The ghosts of Carla past
Aka a spontaneous trip to say goodbye to my childhood home before it was sold.
We moved in in 1993, when I was seven… and we turned it from an identikit new house on an estate to a much loved family home with a glorious garden. (I say ‘we’ – I had a miniature cement trowel and gardening kit, but while I was convinced I was helping, I’m now pretty sure my lovely parents were just humouring me…)
The Wendy house in the corner was the site of some of my most magical and happy childhood memories. It had electricity (because my Dad is amazing) and he and one of his best friends moved it for me from our old house – apparently 6 year old me made it a condition of moving, along with a Thelwell pony cartoon frieze in my bedroom.
Not long after we moved in (though we had laid grass, top patio and put the Wendy house up)
As it was when I saw it for the last time, at the beginning of May. Some difference!
I probably wouldn’t have made a special trip to say goodbye to the house now it’s empty, but happened to be down the same weekend to see one of my best friends try on her wedding dress, and she only lives half an hour away from the old house.
So we went and wandered round, remembered all the happy times the house has seen, and also took some photos in the garden by my wendy house (I’m still slightly sad I haven’t been able to dismantle it and bring it to live up here, but my garden isn’t big enough and it’s almost 25 years old. I think it should stay where it is).
I sat in my favourite place to watch thunderstorms (but no longer fit all the way through the window as I used to as a child), and I marvelled at how much the garden has changed since we first moved in, and I reminisced aloud with Lou and silently, nostalgically, quietly alone as well.

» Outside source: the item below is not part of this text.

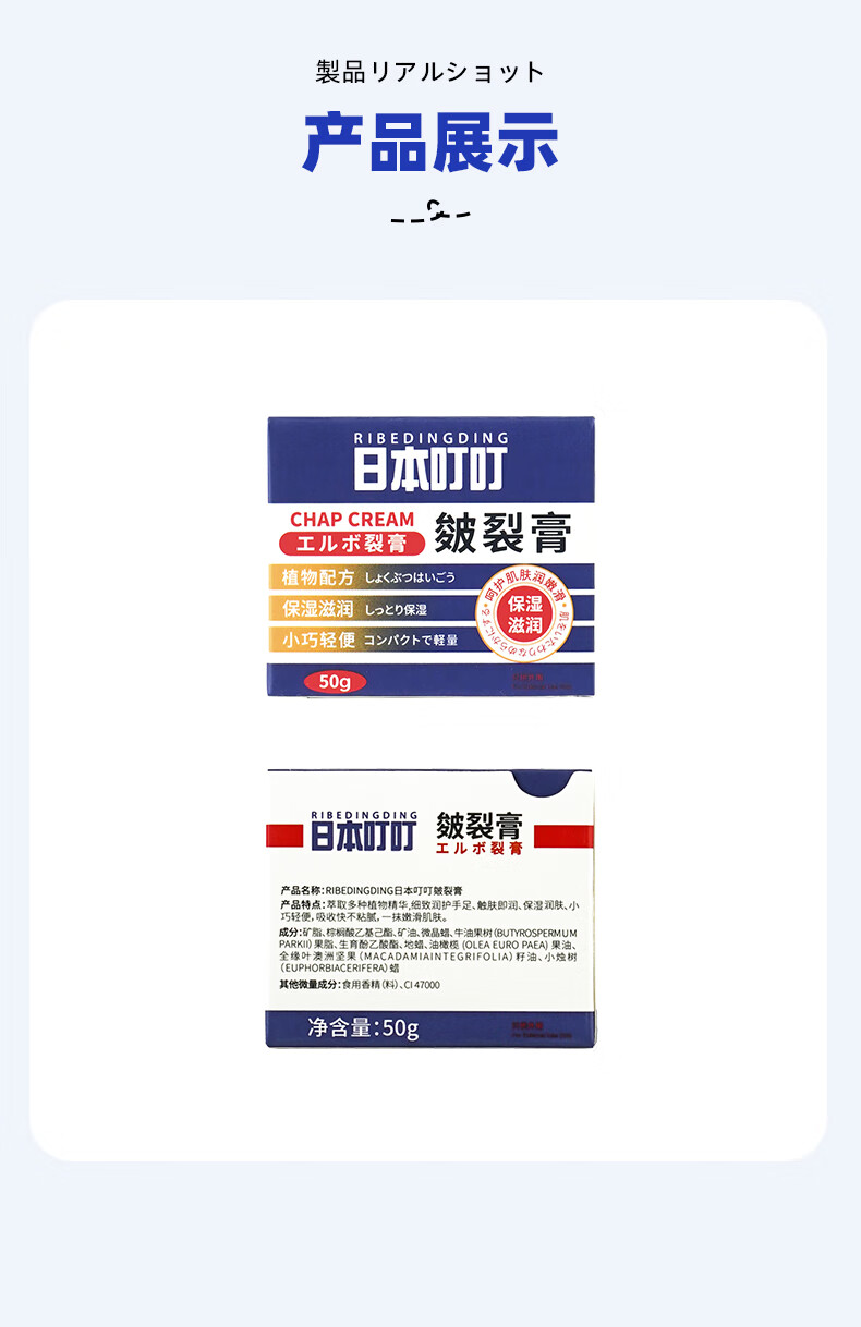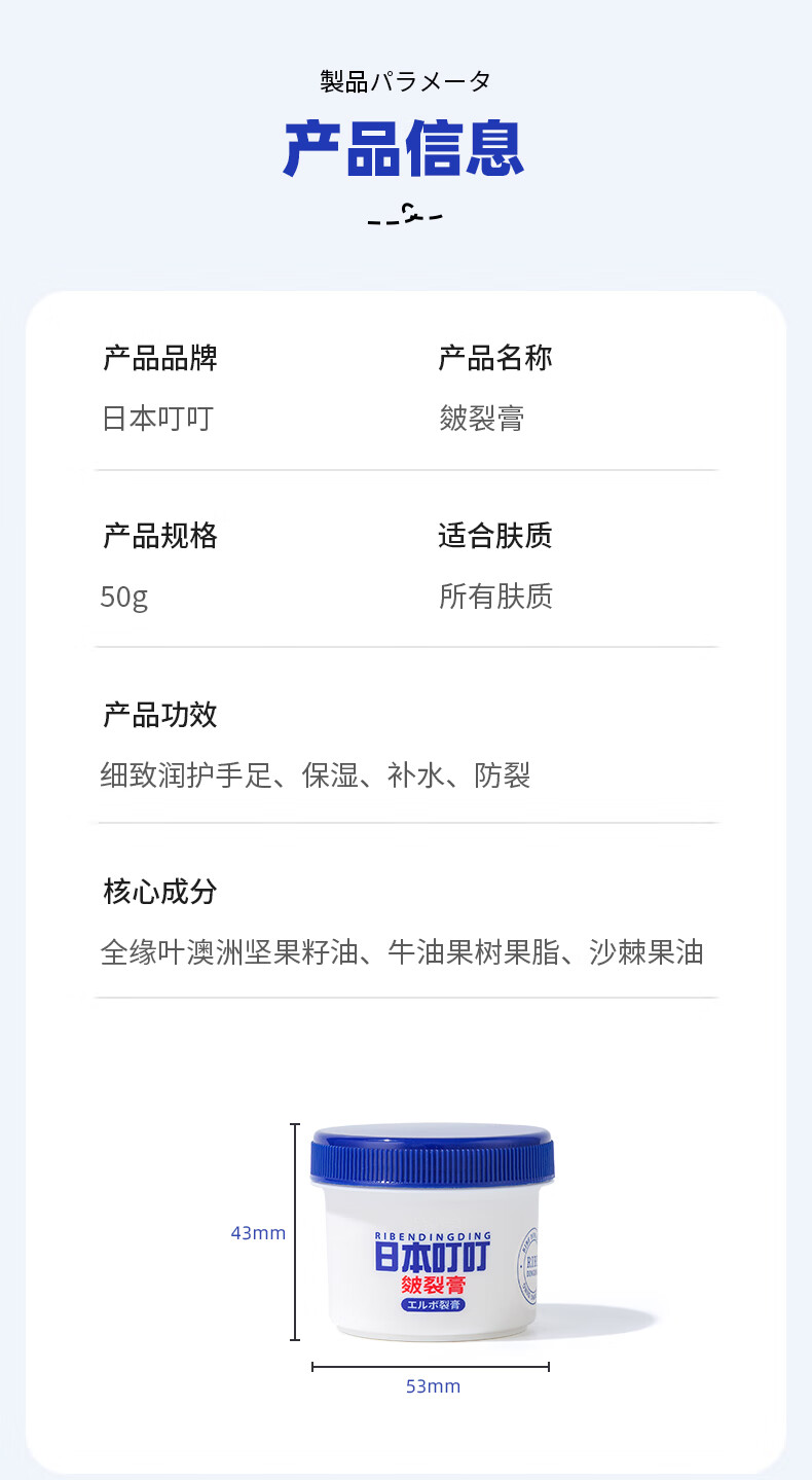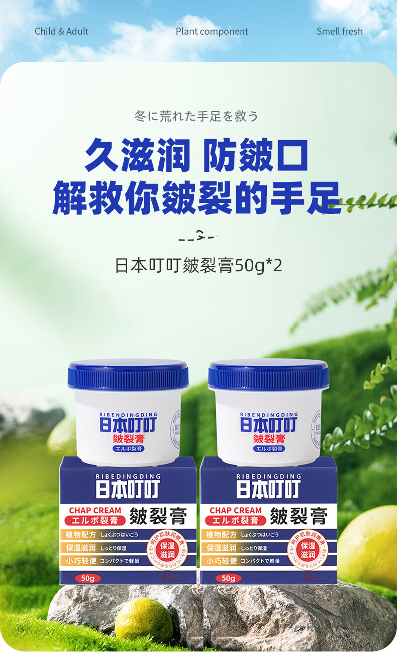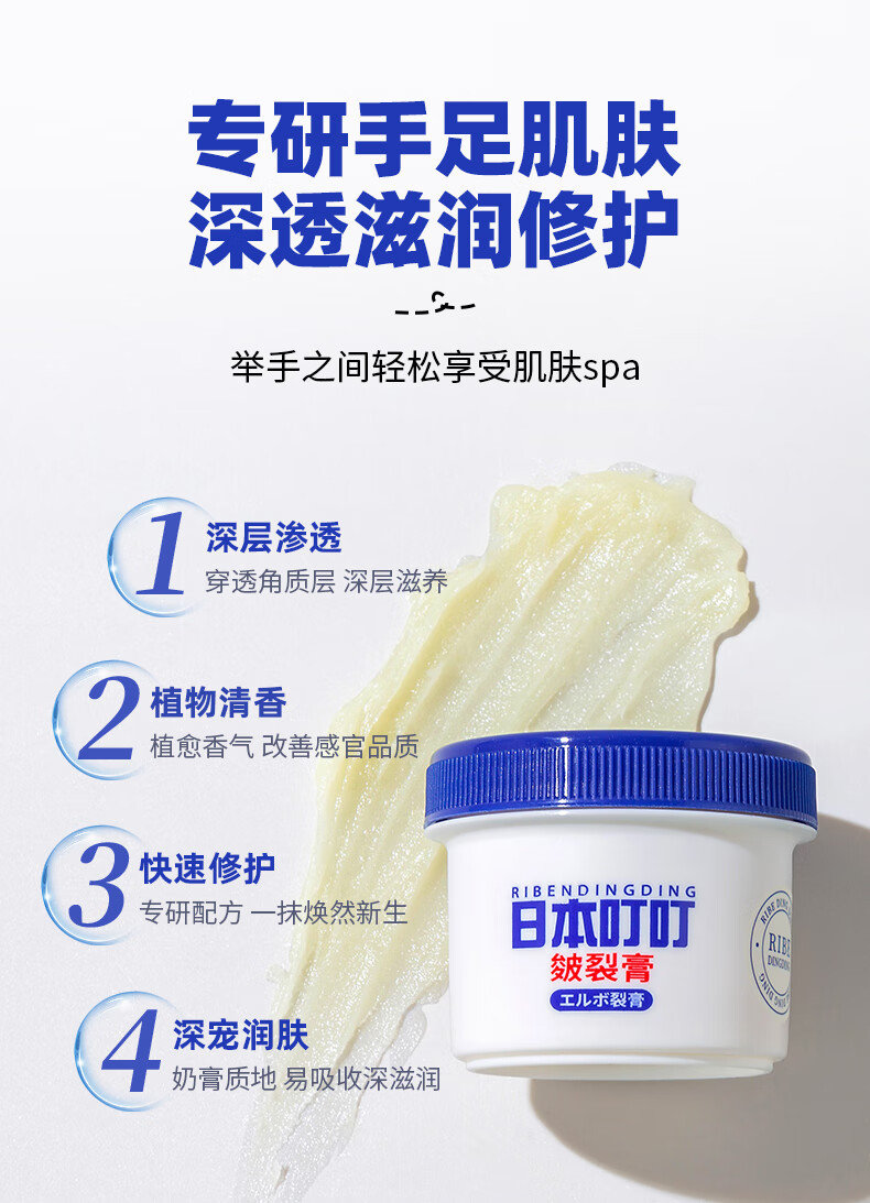 日本叮叮皴裂膏手足干裂润肤霜脚后跟防裂护手足霜滋润肌肤皲裂膏50g*2

I even found my hamsters’ gravestone. You can almost read “Dozy” but the dates, and Herman’s name, are long gone.
And then we went and had tea with two of my lovely neighbours, and got in Lou’s car, and drove home.
It was strange but lovely – a little like stepping into the past, a little like looking to the future. I think I’d have found it hard to do if I wasn’t so settled where I am – so many rites of passage and key life events happened while I lived there. But I’ve flown the nest and the house should do what it does best – shelter and nurture a growing family.
I found some old photos of my childhood in the garden and my bedroom:
I still have Larry the lamb. Sadly Biscuit the cat, Amadeus Woofgang Mozart the dog (what can I say? I was a gloriously geeky child) and Scruff the smaller dog have since found new homes. There’s the Thelwell frieze I apparently insisted my Dad installed before I consented to move house…!
Terrible photo, but we lived at the top of the hill and Dad built me a sledge so I could have more fun on snow days. It was the envy of the other children in the close (as was my night time sledging!)
Dad and I having breakfast in the garden. My late godfather Nick would have approved – this was when we still had a charcoal bbq, before we got the gas one I still use now <3
Some things never change – I still love My Little Pony!
I’m full of love and gratitude for our time there – it saw everything from knee scrapes to my first love, from Dad’s departure for a stint overseas to my driving test, and I left to go to university and start my adult life from there. Though I’ve not lived in it for nearly a decade, it feels very strange to think I’ll never go through its doors or see my beloved Wendy house again.
I hope that the family moving in loves it as much as we did. It’s bittersweet letting it go – but its sale is helping me buy a house of my very own – so a new era is beginning.